I promised someone on the group that I would like them know what I thought of the Needle Probe after using it. 

While doing the Pork Steak smoke today, I used all 3 of my penetration probes, including the Needle Probe. 

I WILL BE ORDERING 2 MORE NEEDLE PROBES! And using them for everything except big cuts.

All 3 of the probe ran close enough to each other that I am convince the needle probe is just as accurate as the other probe. 

The thin probe is much easier to get positioned where you want it.

But what really puts it over the top for me is the silicone wrapped cord versus the braided cord on normal probes. It doesn't kink or get tangled every time you touch it. And after a year my braided cords have some really rough spots on them.

Thermoworks says the silicone cable is rated for 572 degrees, so if I had a stick burner, with direct heat, I might be more worried about it, but in my MES if anything that cord is touching gets anywhere near 572 degrees, the probe is going to be the least of my worries!

Bottom line, storing, routing, positioning and using the needle probe were all better than the standard probes.

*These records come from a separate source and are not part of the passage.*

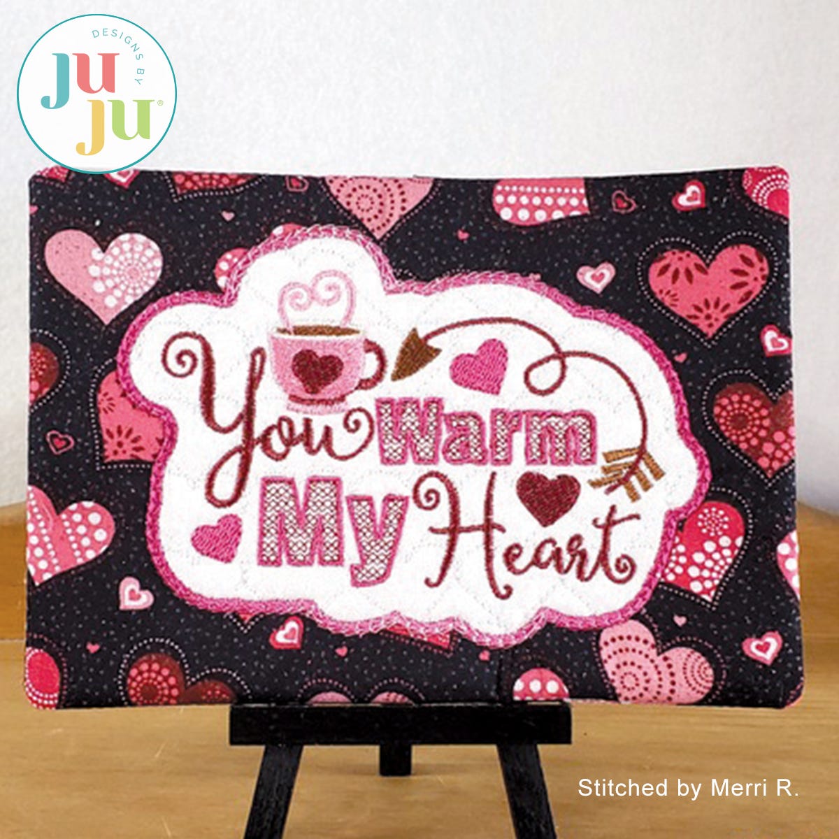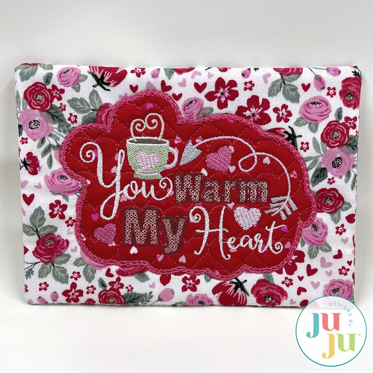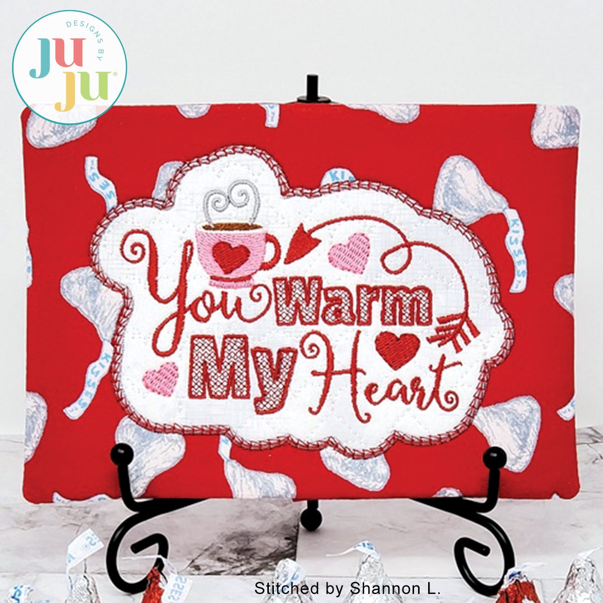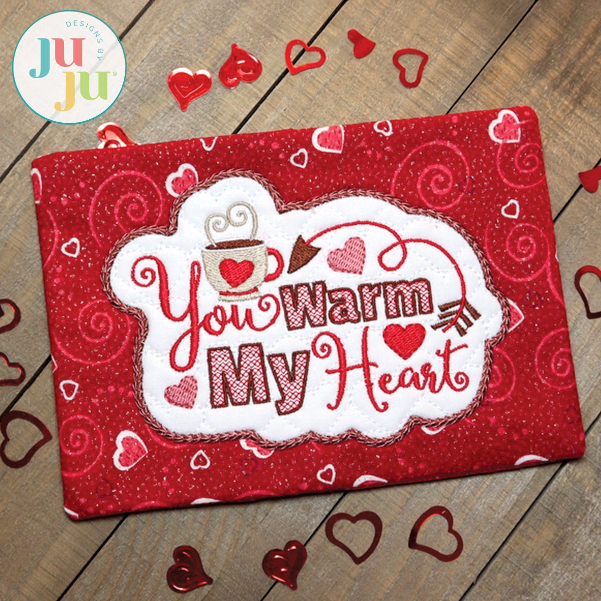 Here is a mug rug for that person who is special to you. Perfect for Valentine’s day but also appropriate any time of the year. The center of the mug rug is reverse appliqued (we show you how to do that) and then gets quilted with a heart motif. The applique edge uses a decorative stitch.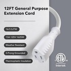 Bn-link 9-35 Ft Indoor/outdoor Extension Cord 16/3 Sjtw, White, 3-prong Grounded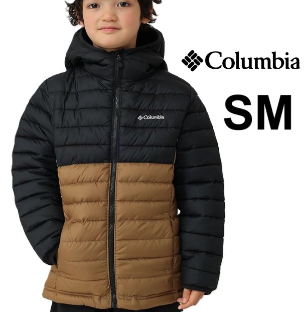 children's columbia powder light II hooded jacket coat- small- black/brown (style: sb2646)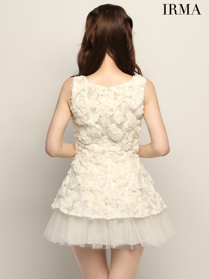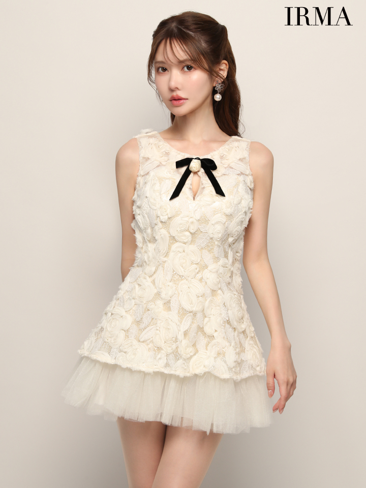 XSサイズあり【IRMA/イルマ】リボンブローチ付き/ 立体フラワー/ チュールフリル/ ノースリーブ/ フレア/ ミニドレス/ キャバドレス[OF2A]【一部予約商品/10月下旬発送予定】 [51936-IR-Vanilla-2510]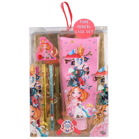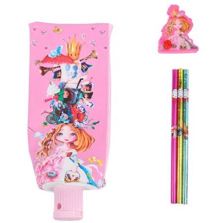 Набір включає пенал для канцтоварів з точилкою на кінці, 3 олівці, гумку

So unless I need the deeper penetration of the other probes for a large cut of meat, I will be using the needle probe in the future.


----------



## Rings Я Us (Jan 6, 2018)

Maybe good for ribs.. 
Good tip


----------



## petehalsted (Jan 6, 2018)

That was what I originally bought it for. But now I think I might use it for more than just ribs.


----------



## dr k (Jan 7, 2018)

I think they were on sale for about $12.00 over the holidays.  Maybe next holiday season.  I need one of my five year old therms to fail before upgrading.


----------



## SmokinAl (Jan 7, 2018)

They work fantastic on ribs, or any thin cut of meat!
Al


----------



## bregent (Jan 8, 2018)

I picked one up when I bought my Smoke on sale. I got it mostly for Sous Vide, but haven't tried it for that application yet.


----------



## 30" Jim (Mar 29, 2018)

Do you know if they will work with the Maverick 733?


----------



## bregent (Apr 4, 2018)

30" Jim said:


> Do you know if they will work with the Maverick 733?



No, it uses a different thermistor as well as a different connector size.


----------